Resource efficiency is KING

It is often said that Cash is King in a time of crisis. Even though we are in a high-inflation crisis this is to some extent sound advice for many companies (both from a risk and opportunity perspective). For a manufacturing company, there is a direct link between an efficient- and effective use of resources and money in the bank. If you don’t have a resource-efficient business, you don’t have a competitive business.

The question of this newsletter is, therefore:

Do you have a resource-efficient business?

If you answer something like “no not really, unsure or have no idea” I suppose you would be interested in knowing how to get it FAST! Right?

I will give you a fast track to a very solid approach that can help you spot opportunities for savings and optimizations that you probably have not explored before.

Circular economy is the tool I recommend when you want to make sure you don’t waste money on resources. It is a discipline rooted in business thinking with a focus on the flow of resources and a distinct focus on getting the most value out of the resources we use and keeping them in flow for as long as possible while maintaining their value.


As is

You can be excused if you currently look at all kinds of resources in a category labelled “Cost of operation” as that is what probably all of you have learned in school back then and been taught on your journey towards the top of the organisation. You just have to tolerate it and minimize it is often how it is framed. In combination with the “take-make-waste” business mindset that exists so profoundly in the world today, it is sure set way to turn strategic attention away from a smarter use and understanding of resources.
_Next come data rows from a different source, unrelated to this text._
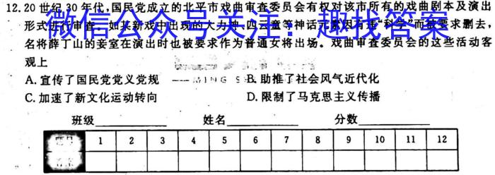 12.20世纪30年代,国民党成立的北平市戏曲审查委员会有权对该市所有的戏曲剧本及演出形式进行审查。如某新戏中出现的大力神、四云童等神话元素因有违“科学”而被要求删去,名将薛丁山的妾室在演出时也被要求作为普通女将出场。戏曲审查委员会的这些活动客观上A.宜传了国民党党义党规GB.助推了社会风气近代化C.加速了转向D.限制了传播班级姓名分数
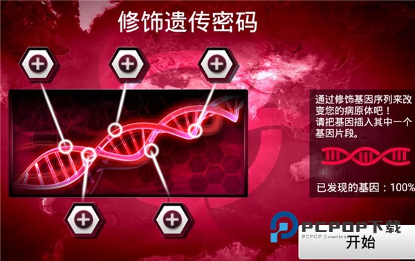 3、游戏中玩家没过一段时间会获得一定的DNA点数,玩家可以使用DNA点数在不同的标签下进行基因进化解锁,解锁更多或者更高级的能力或者传播方式
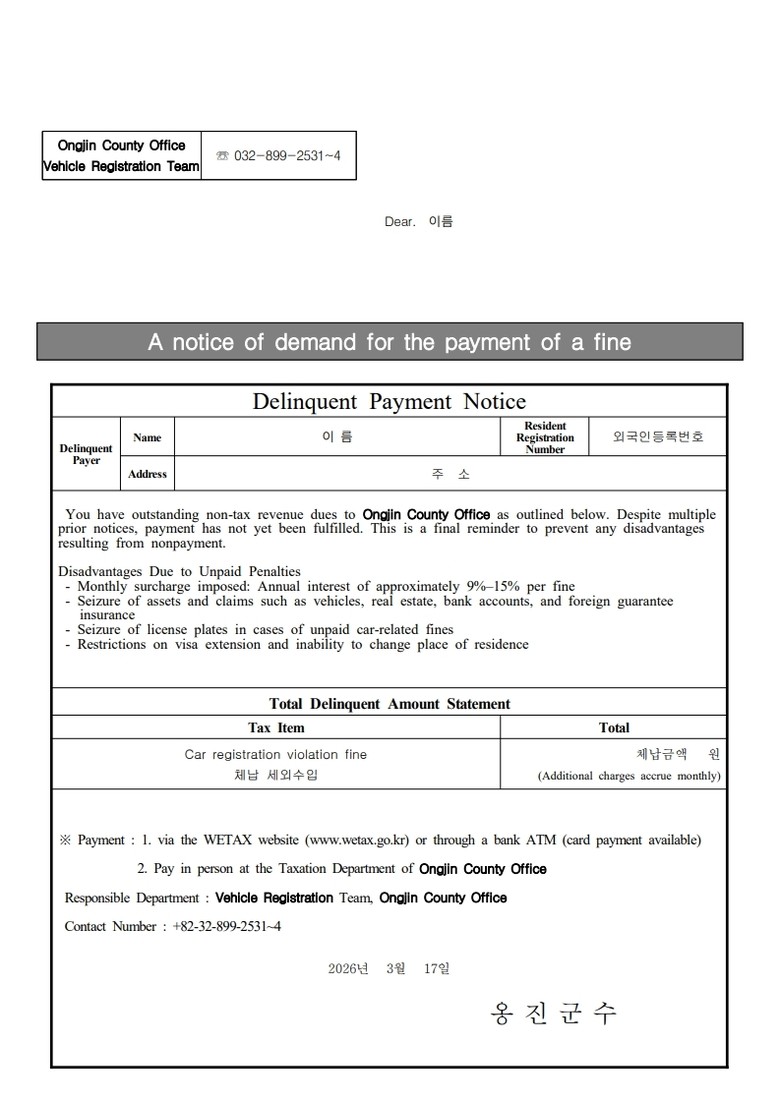 [옹진군 세계타임즈=심하린 기자] 옹진군(군수 문경복)이 자동차 과태료 외국인 체납자들을 대상으로, 영어로 번역된‘자동차 과태료 체납 안내문’을 발송한다고 밝혔다.

Not working strategically with resources is also a consequence of the first of the three common problems I wrote about in this article – business leaders don’t know how to lead the transition into a sustainable company. When you don’t understand a subject, it is quite normal that you don’t want to take that subject on to the core of your business.

In many ways, the situation is similar to that of digitalization some years back. Most business leaders didn’t understand that either and thus were holding back on fully engaging themselves in the process and allowing to connect digitalization to the core business. Getting some variety of a chief technology officer (CTO) became a popular way of handling things and parking the responsibility with someone else. But as time went by it became obvious that it was not the way forward and slowly the leadership teams started to raise their competencies and opened up for working on the core parts of the business as well. Those that were not there yet when the COVID pandemic hit were in for a very rough ride with a choice (actually not a choice) between jumping in the deep end of the pool or perishing!
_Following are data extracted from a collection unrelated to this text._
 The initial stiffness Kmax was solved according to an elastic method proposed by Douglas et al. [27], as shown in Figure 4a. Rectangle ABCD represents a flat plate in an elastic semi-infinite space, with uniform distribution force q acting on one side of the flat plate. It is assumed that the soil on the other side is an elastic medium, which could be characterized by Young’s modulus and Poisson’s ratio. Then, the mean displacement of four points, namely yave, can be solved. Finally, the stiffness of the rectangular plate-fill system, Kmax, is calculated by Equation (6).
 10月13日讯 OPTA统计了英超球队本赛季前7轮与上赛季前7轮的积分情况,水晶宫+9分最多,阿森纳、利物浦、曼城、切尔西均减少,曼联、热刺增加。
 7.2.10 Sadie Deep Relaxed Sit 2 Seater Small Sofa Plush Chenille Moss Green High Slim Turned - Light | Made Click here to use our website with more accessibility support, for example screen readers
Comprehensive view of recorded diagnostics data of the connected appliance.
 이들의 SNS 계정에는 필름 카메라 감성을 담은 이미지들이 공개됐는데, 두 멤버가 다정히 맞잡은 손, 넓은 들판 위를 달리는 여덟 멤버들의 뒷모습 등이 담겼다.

Right now, the same thing is happing with resources. Remember that resources including energy are part of the core elements of the circular economy and sustainability, so when you shy away from focusing on it because it is unclear to you how it affects the business, you could easily end up wasting a lot of money. The cost of electricity and gas is 4-5 times higher in many countries here in Europe and is very volatile. And we have almost certainly not seen the last of it. There has probably never been a time in modern history when the need for a resource-efficient approach to business has been higher. For many now is the time when the pain of staying in business as usual is bigger that the pain associated with the change.


Should be

I would like you to decide right now that you will embrace the circular economic thinking and take it into how you lead the business. The starting point is:

Circular economy is not a project – it is a way of doing.

It is not something that you put on the agenda for a little while, something that you assign some people to handle and then you continue whit business as usual. You must understand and take it to heart that it will be part of how you run and develop your business going forward.
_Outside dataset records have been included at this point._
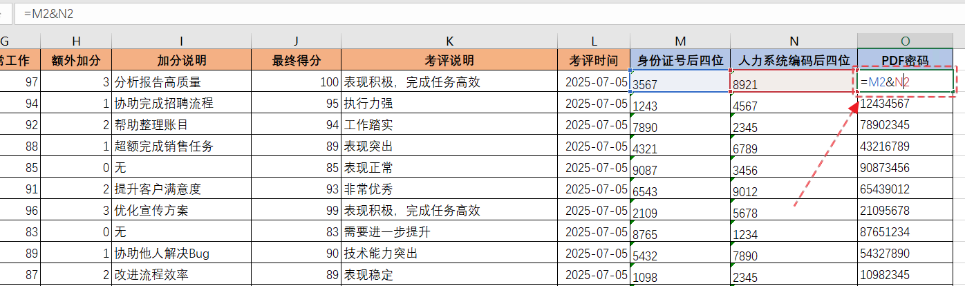 注意在执行任务时导入的"月度考评表清单"表中,也要添加这三个列,其中"PDF密码"列的内容使用Excel公式"=M2&N2"生成。
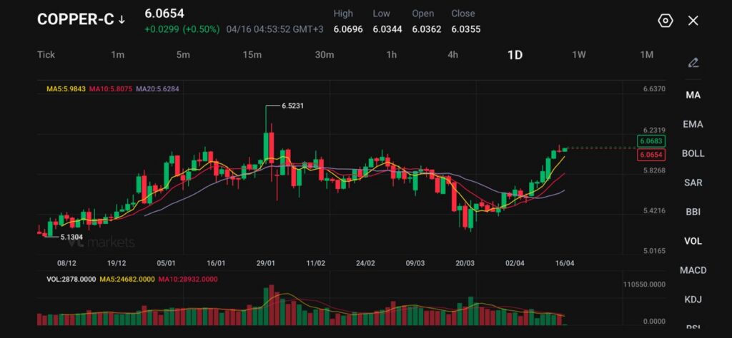 • Copper-C 報 6.0654,上漲 0.0299(+0.50%),盤中一度觸及 6.0696。(Copper-C:銅的差價合約/報價代號,屬於金融交易商品)
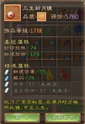 小编总结:这个饰品是广寒宫的秘宝,在满月时分应照此镜,可见三生,基本属性是增加防御的,但是玩家精炼之后他们的影藏属性就是增加一定伤害和躲避了,对战时候很实用的。
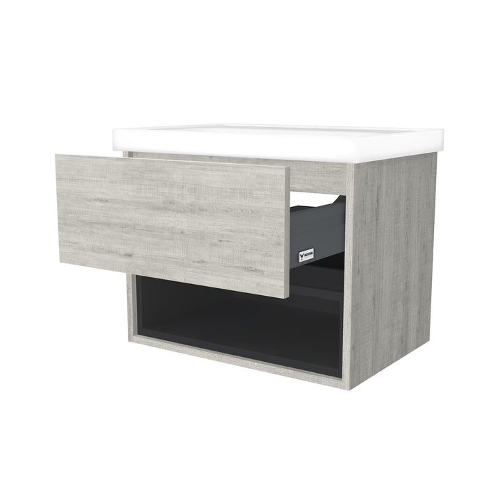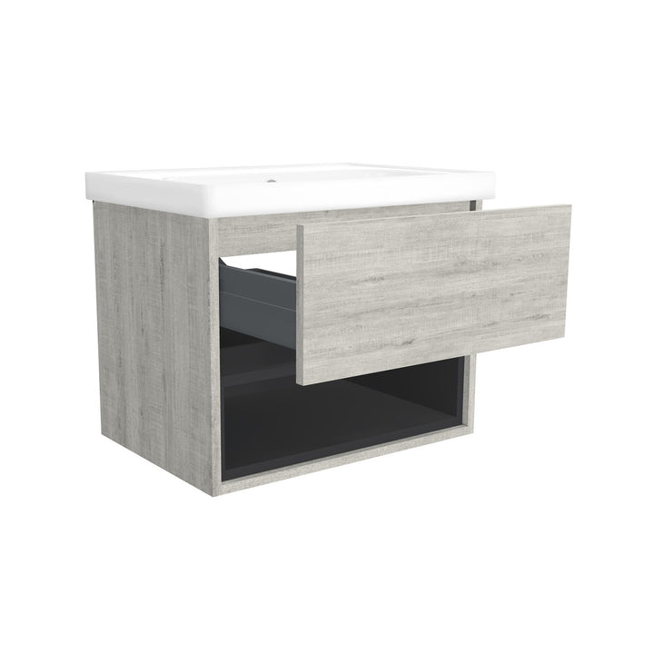 Pohlheim 65 cm Lissabon - Onderkast MDF Softclose Greeploos 1 lade met Keramische Wastafel 1 kraangat - Wastafelmeubel Met Frame Wastafels
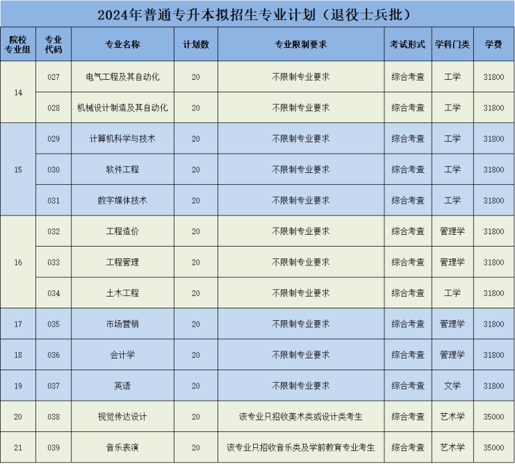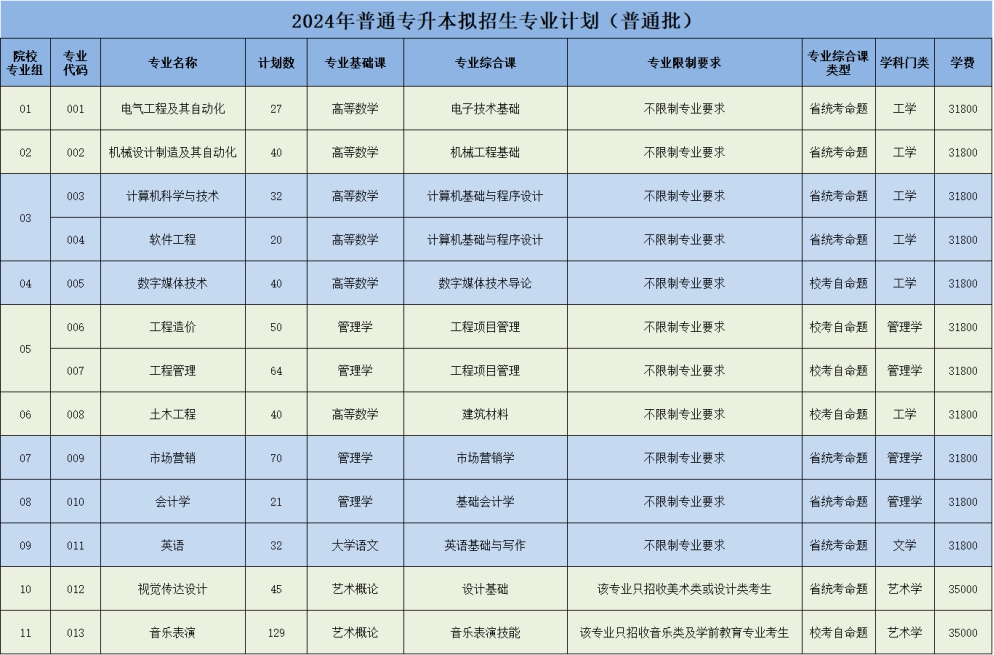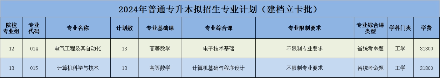 威廉希尔williamhill中文2024年普通专升本招生专业计划

It will affect your way of thinking (click here for an article I wrote at the beginning of the summer about the mindset for business success with circular economy and sustainability and affect your business – in a good way.

Circularity is the principle governing nature and until a few generations ago it was also the underlying concept of societies. Resources were used and used again and in the bigger picture, nothing was wasted. Resources came from nature and after several cycles of use, they went back to nature. Industrialization changed that and in the last 70-ish years, we have almost completely abandoned this thinking. Consequently, we now live in a very resource-inefficient world and billions of Euros worth of materials are wasted every year.

Yes, BILLIONS…

If you stop for a second and think about it, it is difficult not to reach a conclusion that it is pretty stupid and perhaps even wonder what got us here. It is time to unlearn a few things and reconnect to the success formula for mankind – but in an updated version matching today’s world. That updated version is called the circular economy.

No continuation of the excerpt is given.